In recent years, neoadjuvant chemotherapy has emerged as an increasingly critical approach in the systemic treatment of women with breast cancer (Rapoport et al., 2014). Systemic neoadjuvant chemotherapy is widely utilized along with surgery and radiotherapy for the management of patients with locally advanced BC (Read et al., 2015; Teshome & Hunt, 2014; Untch et al., 2014). The HER (human epidermal growth factor receptor) family represents a series of structurally associated receptor tyrosine kinases controlling the growth and development of multiple organs including the breast (Nuciforo et al., 2015). HER2 has been reported to cause aggressive behaviors of cancer cells including rapid growth and frequent metastasis (Wieduwilt & Moasser, 2008). Targeting HER2 in BC has shown effectiveness in clinical trial, which offers a reliable treatment option (Duffy et al., 2015; Krishnamurti & Silverman, 2014; Moasser & Krop, 2015).

Currently, chemotherapy is commonly adopted in HER2-negative breast cancer management, of which taxane-anthracycline combination regimens have been regarded as typical neoadjuvant chemotherapeutic strategies (Hanusch et al., 2015). Taxanes represent a series of drugs used in the treatment of cancer including paclitaxel and docetaxel, which affect microtubules structures of cancer cells to block their division (Ghersi et al., 2015; Murray et al., 2012). Anthracyclines such as doxorubicin and epirubicin induce DNA intercalation and lead to apoptosis of breast cancer cells (Greene & Hennessy, 2015; Turner, Biganzoli & Di Leo, 2015). At present, no clinically useful prognostic or predictive examination for patients with HER2 breast cancer have been established.

Although recent improvements of the chemotherapy, hormone therapy, radiotherapy and immune therapy have greatly benefit the prognosis for BC patients, obvious individual differences are observed in the outcomes of BC treatments on account of heterogeneity. As a result, novel and robust biomarkers are urgently required to predict the chemotherapy sensitivity and survival for HER2-negative BC patients. In this study, by means of weighted gene co-expression network analysis (WGCNA) (Langfelder & Horvath, 2008), we systematically analysed microarray-based gene expression profiling data of 310 HER2-negative BC cases treated with taxane-anthracycline neoadjuvant chemotherapy. In addition, another independent validation set with 198 BC samples were also analysed in order to identify new biomarker to predict response and prognosis for HER2-negative BC patients who received sequential taxane-anthracycline neoadjuvant chemotherapy.

Materials and Methods

Analyzed datasets

The training dataset adopted for network analysis contained 310 HER2-negative breast cancer samples, all of which had conducted taxane-anthracycline treatment. All the data were obtained at GEO database with accession number of GSE25055. Altogether 198 samples was independently analyzed to validate the relation of gene modules/hub genes with survival of HER2-negative BC patients treated with taxane-anthracycline. Before data analysis, batch effect was removed using the removeBatchEffect function in limma package (Ritchie et al., 2015). The Data Normalization was performed by the RMA function in limma function. These samples were downloaded from GEO with the accession numbers GSE25065. Chemoresistance included extensive residual cancer burden (RCB) or early relapse, while chemo-sensitivity represented pathologic complete response (pCR) or minimal RCB. As we focused on HER2-negative BC, we removed the HER2-positive patients. All the samples were hybridized using Affymetrix Human Genome U133A Array according to standard Affymetrix protocols. Original gene expression counts were analyzed through robust multiarray average algorithms.
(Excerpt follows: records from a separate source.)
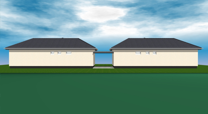 A házakat fedett gépkocsibeállóval kötik össze, így nincs közös fal.
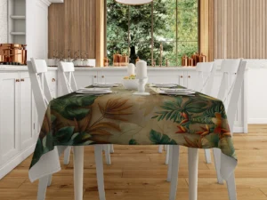 Kabartma Sanatıyla Tropik Yaprakların Huzur Veren Dansı Masa Örtüsü
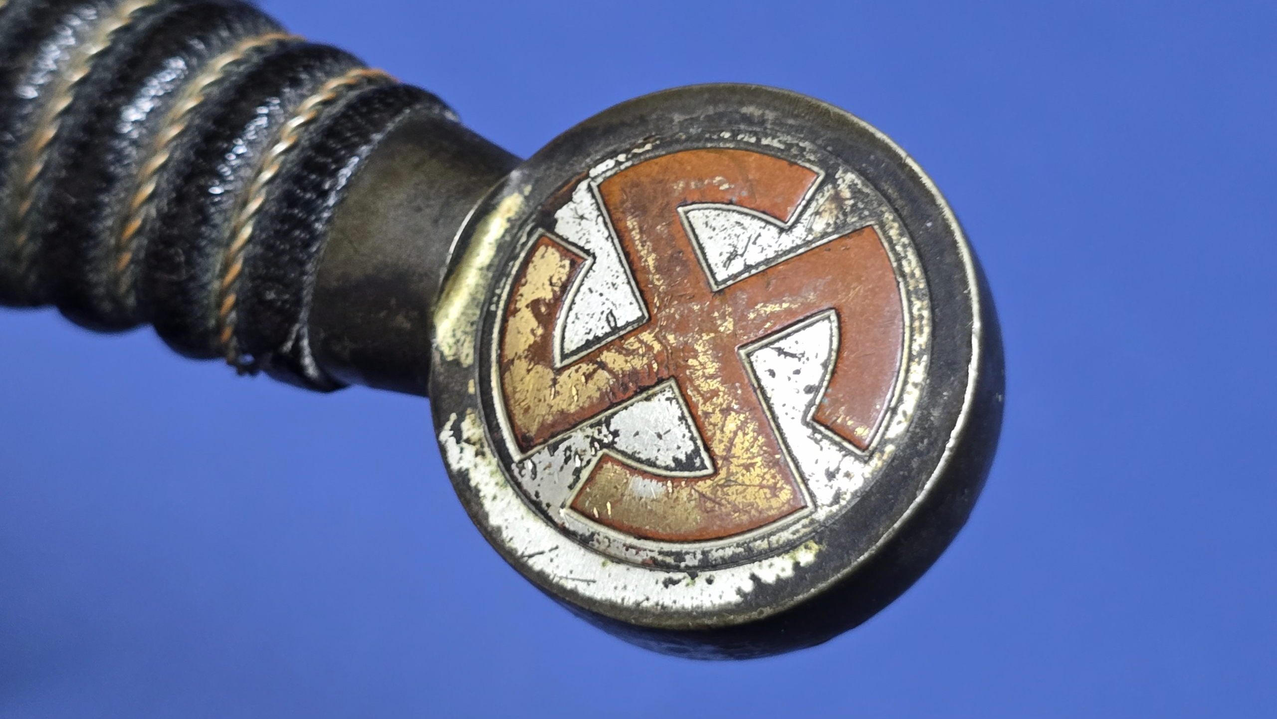 The blue moroccan leather grip remains in excellent condition, showing only light surface wear from age. The twisted grip wire is complete, nice and tight, and fits as it should. The nickle fittings display a wonderful uncleaned patina – darker in some areas and lighter in others. What’s particularly nice about this example is that both the crossguard and pommel still retain traces of the original factory frosting – something we don’t see very often. The crossguard and pommel show the high quality brass sunwheel swastika, only seen on these earl examples.
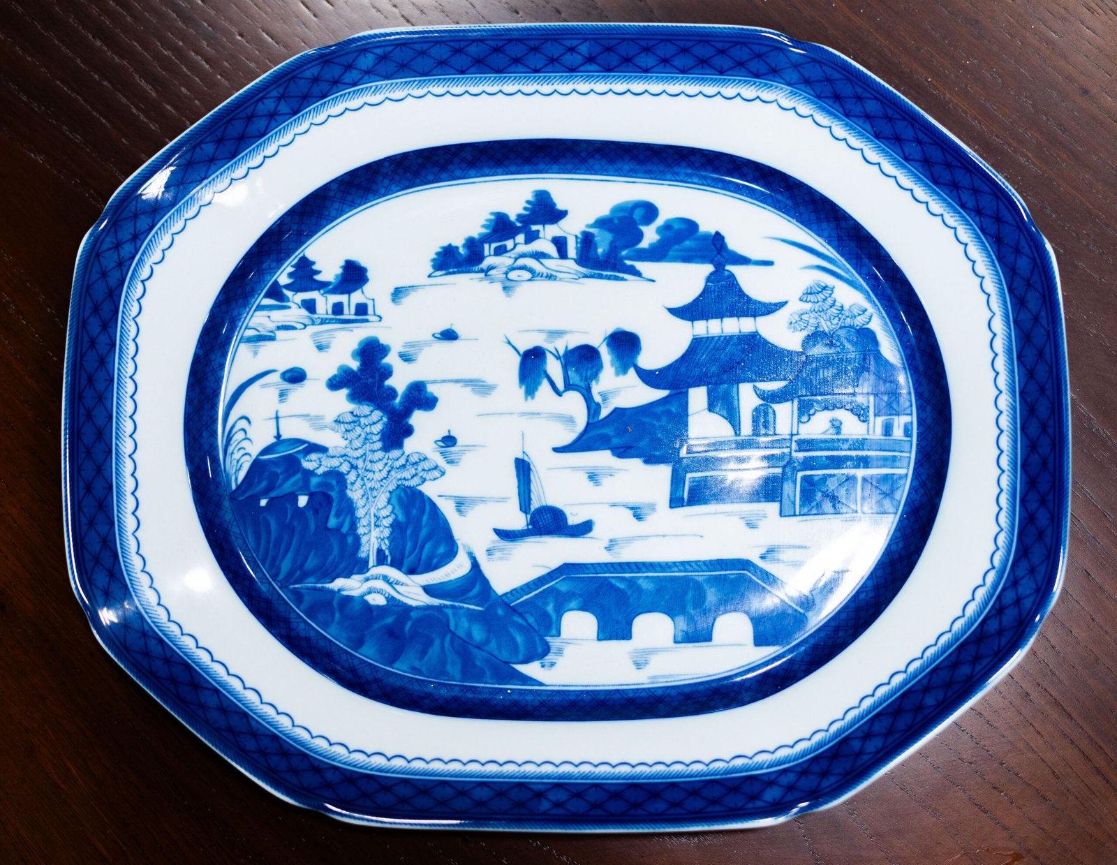 Travessa octogonal em porcelana de pasta branca, com decoração azul cobalto no clássico estilo “Willow Pattern” (Padrão do Salgueiro). A superfície central exibe uma cena oriental idílica com pagodes, ponte arqueada, barco à vela e vegetação exótica, evocando os motivos românticos da lenda chinesa que inspirou este padrão europeu.
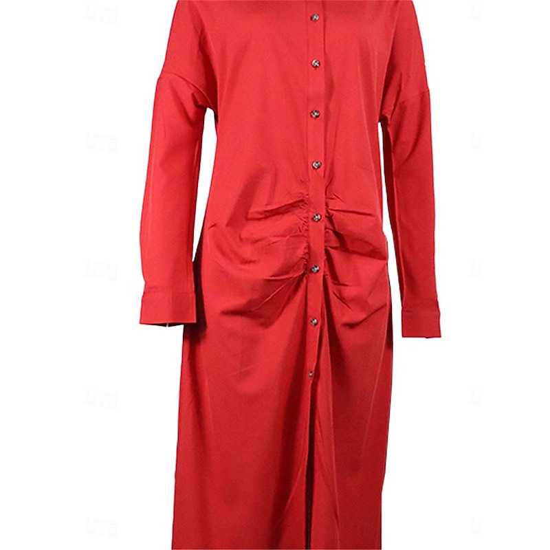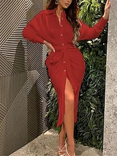 Highlights [Fabric] This sophisticated dress is crafted from high-quality polyester, offering a lightweight and breathable fabric that ensures both comfort and durability. Its micro-elasticity provides a comfortable fit, making it easy to wear for extended periods. [Style] Featuring a slim, bodycon fit, this dress elegantly accentuates the body's natural curves. The maxi-length design adds a sense of grace, while the shirt dress style maintains a formal yet sexy appeal. [Design Highlights] The dress boasts a classic shirt collar and a button-down front, combined with a chic twist-knot detail at the waist that creates a flattering silhouette. Long sleeves offer additional coverage, and the side slit adds a modern and stylish touch to the overall aesthetic. [Occasions] Suitable for cocktail parties, formal gatherings, or any special event during spring or summer. Its versatile style allows you to transition seamlessly from a casual day out to a more formal evening setting. [Size] Available in a range of sizes from S to XL, catering to a variety of body types. The crisp white color, along with options in black and red, offers timeless elegance that complements any wardrobe.
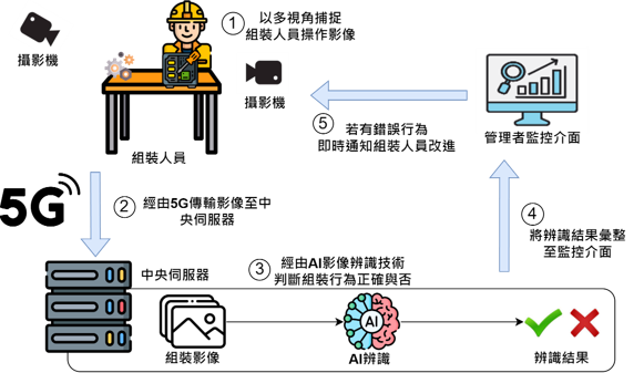 本系統能精準快速的檢測組裝人員的錯誤行為,實時監控生產過程並即時糾正錯誤,以提高產品品質控制。
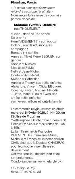Madame Yvette VIDEMENT née THOUÉMENT
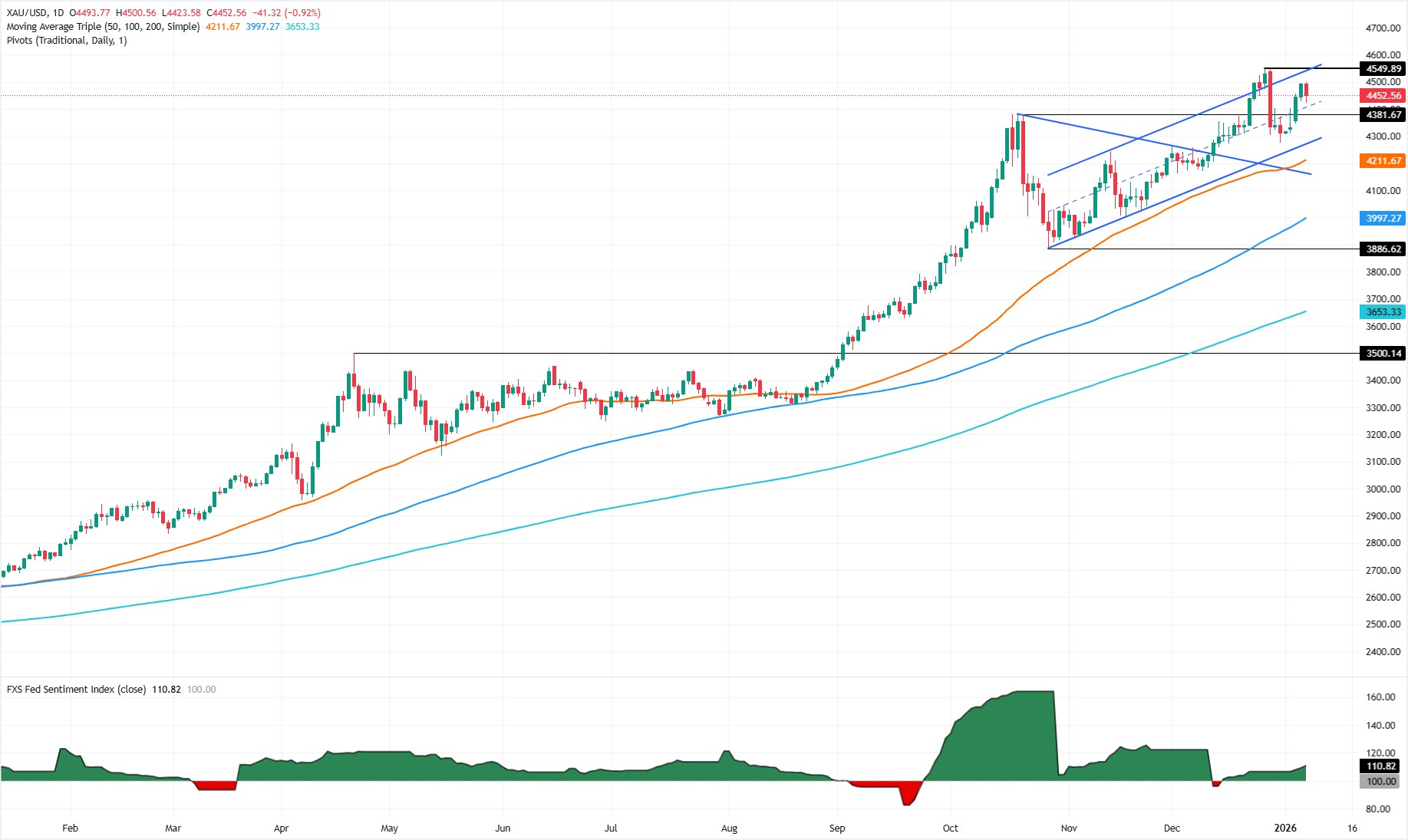 黄金𧹒家测试了4500美元,但未能突破,这加剧了向4450美元区域的回调。动能似乎从看涨转為中性,如相对强弱指数(RSI)所示。
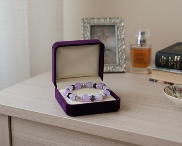 Bracelet fil élastique perles imitation jade et craquelé mauve

Because genes with limited variation in expression often mean noise, we only selected relatively variant genes for construction of network. The variabilities of genes were assessed by median absolute deviation (MAD) (Chen et al., 2018).

Construction of gene co-expression network

We then constructed the gene co-expression network using the WGCNA package by R (Langfelder & Horvath, 2008). Power values were filtered out through means of WGCNA in constructing the co-expression modules. Scale independence and average connectivity assessment of modules holding diverse power value were conducted via gradient analysis. Proper power value was selected when the scale independence value comes to 0.9. WGCNA method was then adopted to construct the co-expression network and obtain the gene information in the most relevant module. We performed Heatmap by R language to illustrate the strength of the association between different modules. As a representative of the gene expression profiles of a module, module eigengene (ME) was used to evaluate the relationship between module and distant relapse–free survival (DRFS).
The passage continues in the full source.